Furthermore, the interpretation of the clinical importance of a distribution-based MCID should be taken cautiously. First, this cohort is composed of a heterogeneous group of CRS patients. Ideally, MCID calculations are performed in a homogenous sample, and this is an inherent problem of all CRS research, where clinical subgroups are not well defined and sample sizes are relatively small. Additionally, different subgroups are likely to skew the nature of the data calculations. For example, the inclusion of the patients with normal baseline QOD-NS scores likely skews the MCID results in a conservative fashion. While these limitations are important, our goal was to further the understanding of how changes in the QOD-NS can be interpreted in the overall CRS cohort. We hope that future investigators can use this information to guide MCID studies within different CRS subgroups.
CONCLUSION
The distribution-based MCID value determinations of the QOD-NS survey instrument range between 2.6 to 8.6 points, with an average value of 5.2. Once stratified by normal vs. abnormal QOD-NS scores at baseline, the majority of patients with abnormal pre-operative QOD-NS achieve an MCID in olfactory-specific QOL. A better understanding of why some patients perceive improved olfactory QOL and prognostic factors is needed.
Acknowledgments
Funding: Rodney J. Schlosser, Jess C. Mace, Timothy L. Smith, and Zachary M. Soler were supported by a grant for this investigation from the National Institute on Deafness and Other Communication Disorders (NIDCD), one of the National Institutes of Health, Bethesda, MD., USA (R01 DC005805; PI: T.L. Smith / Z.M. Soler). Public clinical trial registration (www.clinicaltrials.gov) ID# NCT02720653. This funding organization did not contribute to the design or conduct of this study, preparation, review, approval or decision to submit this manuscript for publication.
Footnotes
Abstract accepted for a podium presentation to the American Rhinologic Society 2018 Spring Meeting.
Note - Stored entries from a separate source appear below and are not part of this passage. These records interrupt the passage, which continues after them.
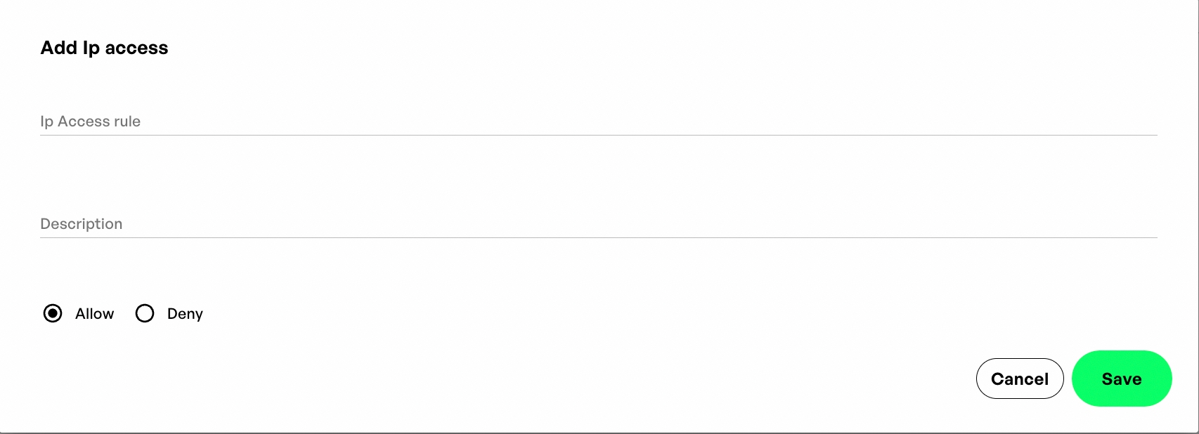 上記に続き、アラーム時計のアイコンを選択すると、IPアドレスに基づいてAPIキーを使用できるユーザーをさらにロックダウンすることができます。このメニューでは、Allow/Deny Rulesの組み合わせで管理できます。
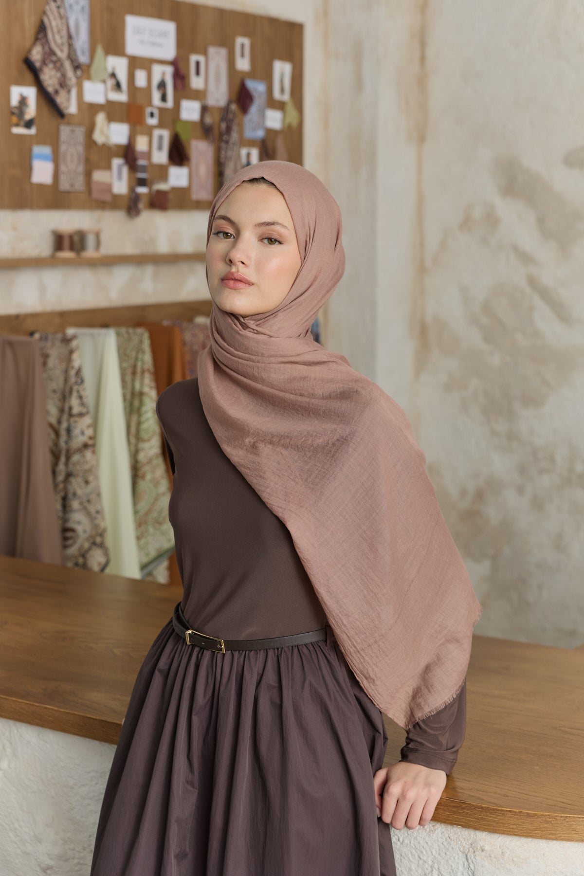 The Soft Line Cotton Shawl prioritizes comfort with the softness of its special cotton-blend texture. Thanks to its wide design, it can also be used in a double layer when desired, enhancing ease of use while adapting to different styles. Its non-slip and non-iron fabric makes it ideal for both everyday wear and special outfits, helping your style look polished and elegant at all times.
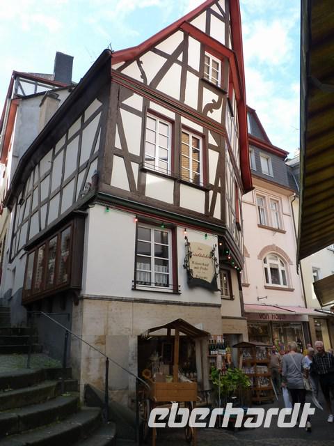Beilstein, Dornröschen der Mosel genannt, ist ein Schmuckstück in einer Talkerbe, mit zahlreichen hübschen Fachwerkhäusern, der Klosterkirche St. Joseph und der Schwarzen Madonna sowie der Burgruine Metternich.

Potential Conflicts of Interest: Zachary M. Soler is supported by grants from Entellus, Intersect, and Optinose, none of which are affiliated with this manuscript. Dr. Soler is a consultant for Olympus, which is not affiliated with this manuscript. Rodney J. Schlosser is supported by grants from OptiNose, Entellus and IntersectENT, none of which are associated with this manuscript. Dr. Schlosser is also a consultant for Olympus, Meda and Arrinex, which are not affiliated with this study. There are no disclosures for Jose Mattos or Timothy Smith.